### Information supplied
★ ★ ★

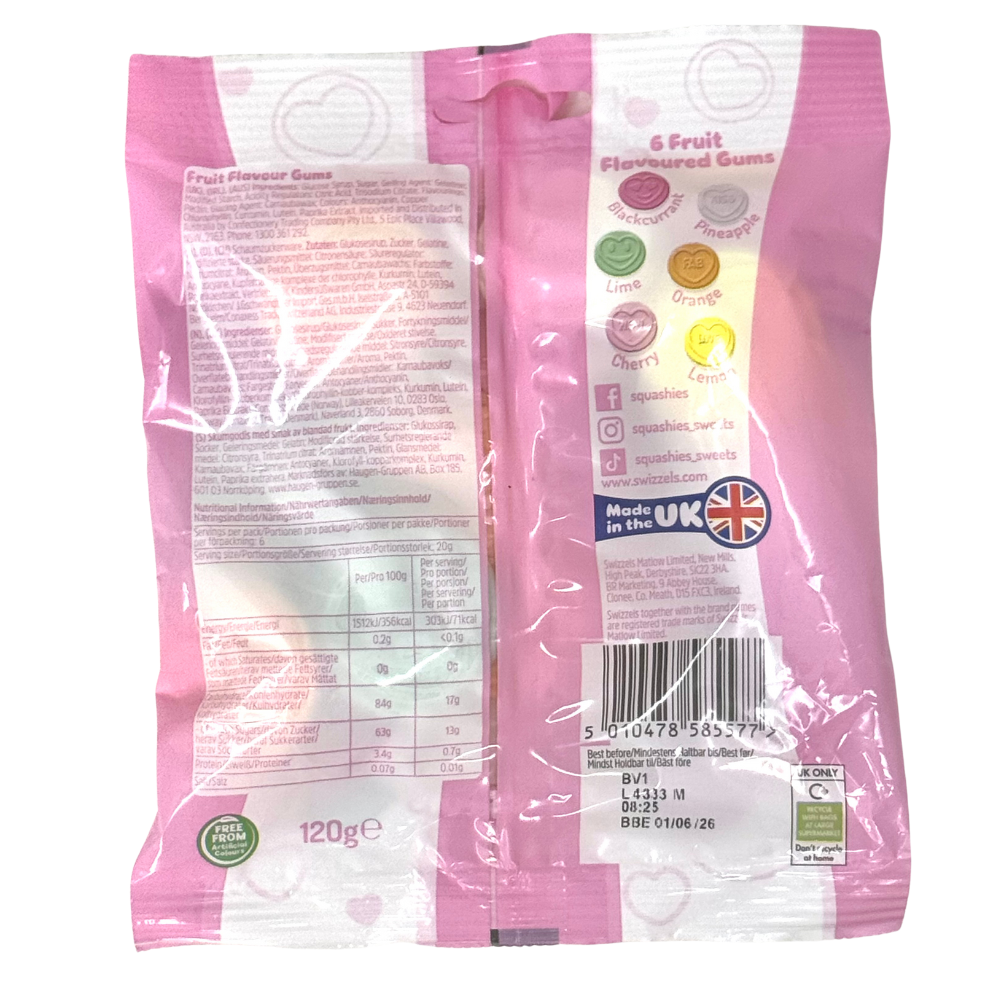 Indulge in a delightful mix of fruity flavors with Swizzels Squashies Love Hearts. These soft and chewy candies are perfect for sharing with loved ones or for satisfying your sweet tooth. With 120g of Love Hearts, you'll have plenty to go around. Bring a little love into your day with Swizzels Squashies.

★ ★ ★

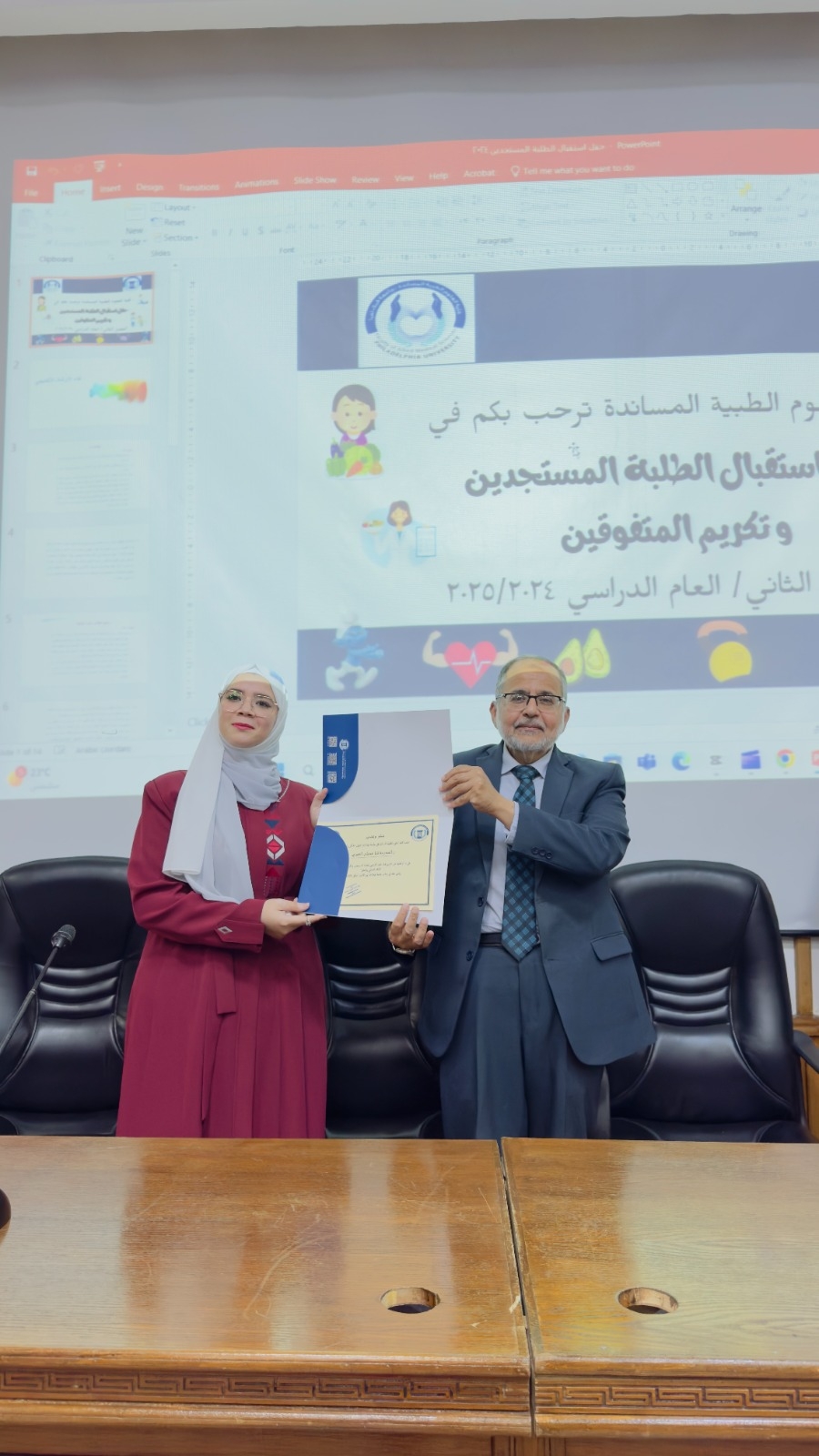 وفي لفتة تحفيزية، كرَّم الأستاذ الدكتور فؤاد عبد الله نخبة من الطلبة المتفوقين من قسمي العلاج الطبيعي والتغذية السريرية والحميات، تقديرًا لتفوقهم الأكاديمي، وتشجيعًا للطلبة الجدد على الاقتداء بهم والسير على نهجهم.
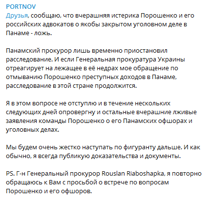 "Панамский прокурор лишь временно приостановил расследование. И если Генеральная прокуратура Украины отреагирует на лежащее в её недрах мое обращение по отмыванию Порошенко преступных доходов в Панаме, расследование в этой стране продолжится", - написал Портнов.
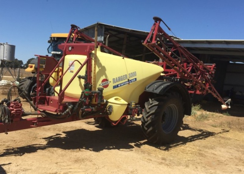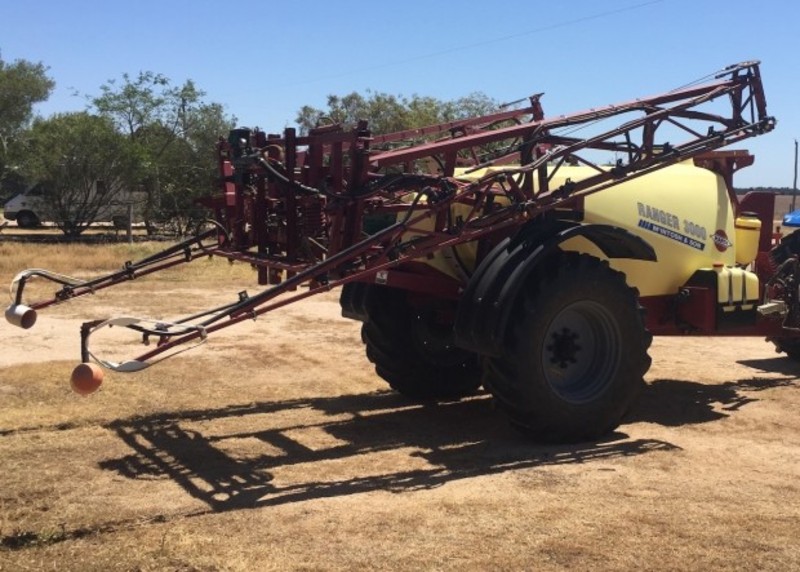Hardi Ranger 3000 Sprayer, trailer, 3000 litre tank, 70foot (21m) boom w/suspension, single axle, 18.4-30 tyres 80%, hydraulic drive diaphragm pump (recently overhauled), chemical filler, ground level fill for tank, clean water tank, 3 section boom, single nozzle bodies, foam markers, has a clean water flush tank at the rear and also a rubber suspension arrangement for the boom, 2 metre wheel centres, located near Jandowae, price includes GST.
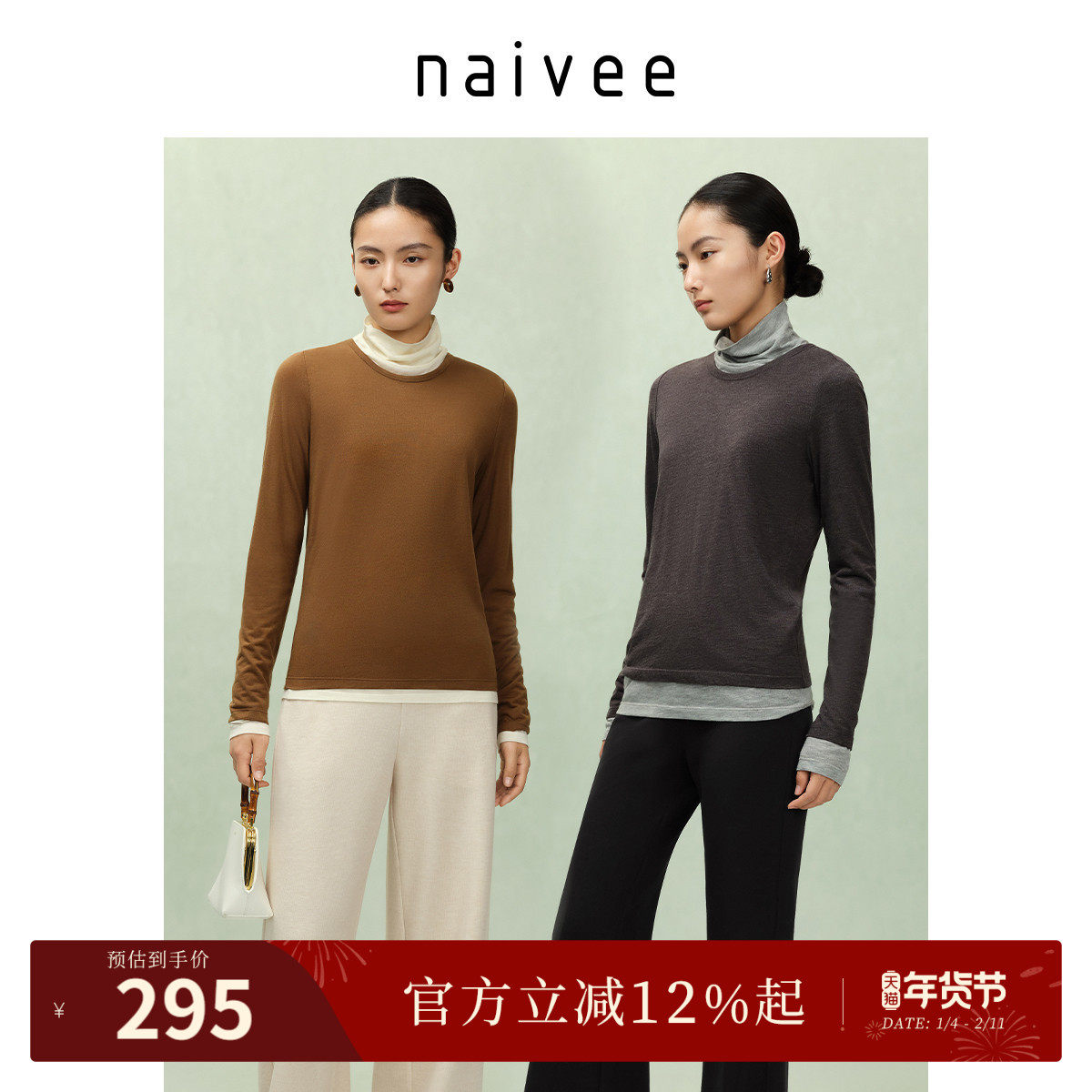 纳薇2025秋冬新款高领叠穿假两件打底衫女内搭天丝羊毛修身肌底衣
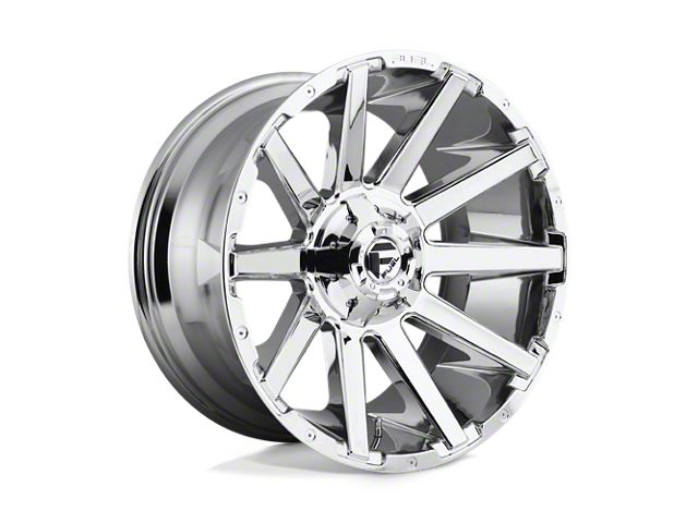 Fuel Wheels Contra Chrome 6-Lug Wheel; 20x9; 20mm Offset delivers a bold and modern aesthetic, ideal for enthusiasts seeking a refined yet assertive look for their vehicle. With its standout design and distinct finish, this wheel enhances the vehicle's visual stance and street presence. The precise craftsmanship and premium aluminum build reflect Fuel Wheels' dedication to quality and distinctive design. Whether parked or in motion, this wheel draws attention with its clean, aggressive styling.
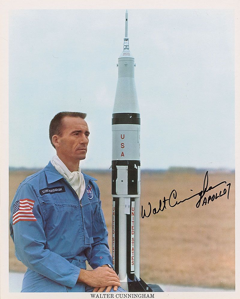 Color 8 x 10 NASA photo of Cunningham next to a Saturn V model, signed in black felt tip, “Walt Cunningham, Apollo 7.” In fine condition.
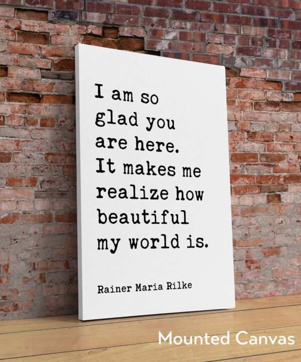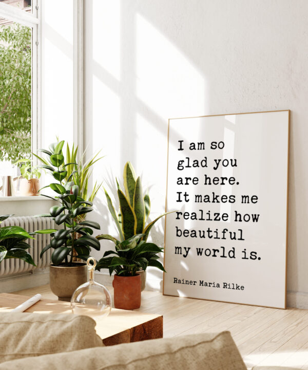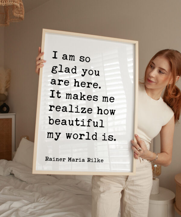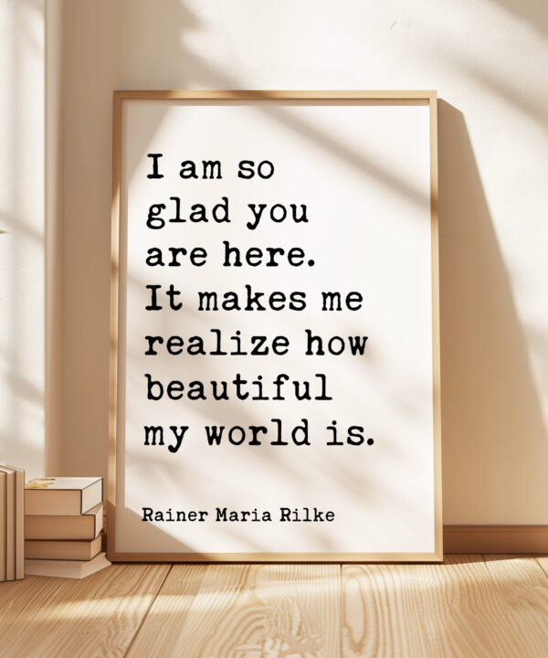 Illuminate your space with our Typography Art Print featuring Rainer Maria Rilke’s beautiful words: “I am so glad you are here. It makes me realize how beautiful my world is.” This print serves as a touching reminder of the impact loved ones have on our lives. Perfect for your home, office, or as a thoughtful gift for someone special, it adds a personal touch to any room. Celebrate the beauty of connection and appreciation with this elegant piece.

★ ★ ★

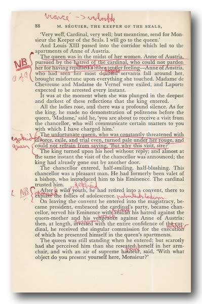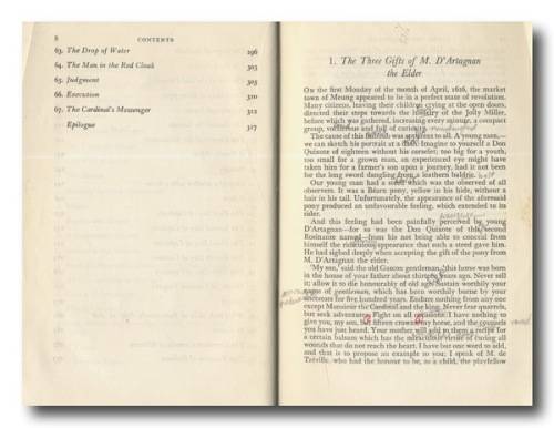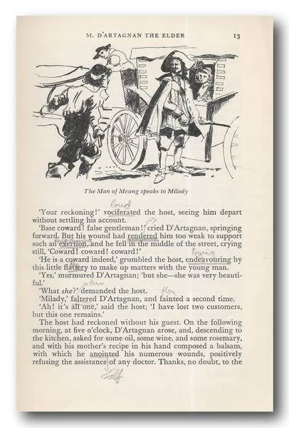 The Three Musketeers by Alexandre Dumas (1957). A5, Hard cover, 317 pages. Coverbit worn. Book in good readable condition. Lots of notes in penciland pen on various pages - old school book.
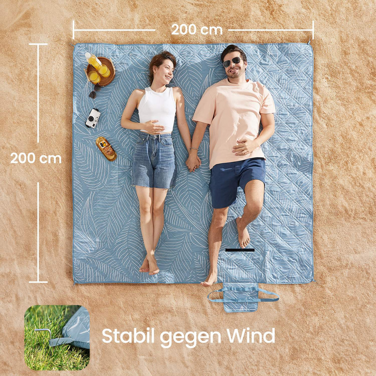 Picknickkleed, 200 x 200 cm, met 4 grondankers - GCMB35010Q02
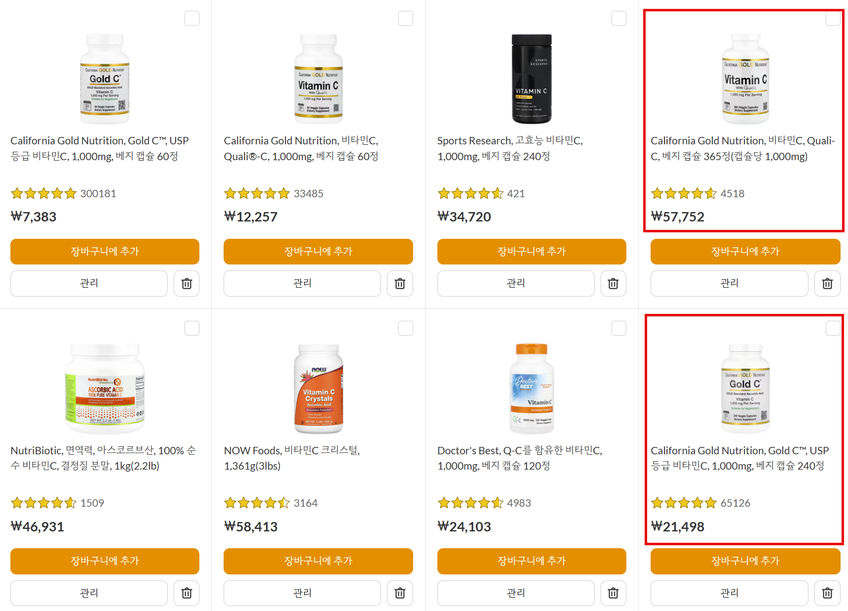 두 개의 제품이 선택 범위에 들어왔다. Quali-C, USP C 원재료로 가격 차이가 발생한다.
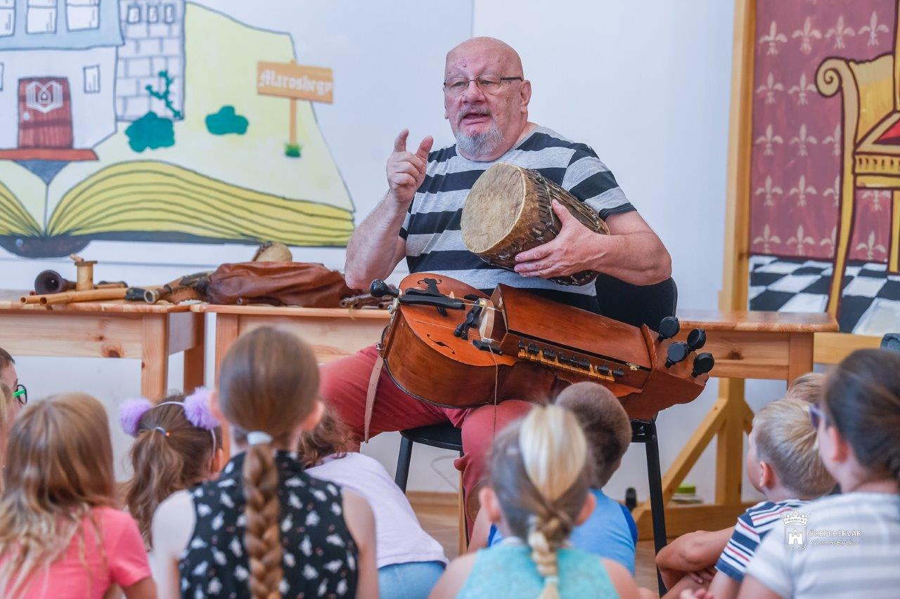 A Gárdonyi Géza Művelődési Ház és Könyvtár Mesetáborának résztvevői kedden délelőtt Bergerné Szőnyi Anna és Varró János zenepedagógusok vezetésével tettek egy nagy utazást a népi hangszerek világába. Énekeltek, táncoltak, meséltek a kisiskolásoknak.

★ ★ ★

### Task requirements
When you reach the line with "두 개의 제품이 선택" in the records above, begin repeating the lines exactly, and stop after the line with "A Gárdonyi Géza". Skip all pictures.

### Exercise response
 두 개의 제품이 선택 범위에 들어왔다. Quali-C, USP C 원재료로 가격 차이가 발생한다.
 A Gárdonyi Géza Művelődési Ház és Könyvtár Mesetáborának résztvevői kedden délelőtt Bergerné Szőnyi Anna és Varró János zenepedagógusok vezetésével tettek egy nagy utazást a népi hangszerek világába. Énekeltek, táncoltak, meséltek a kisiskolásoknak.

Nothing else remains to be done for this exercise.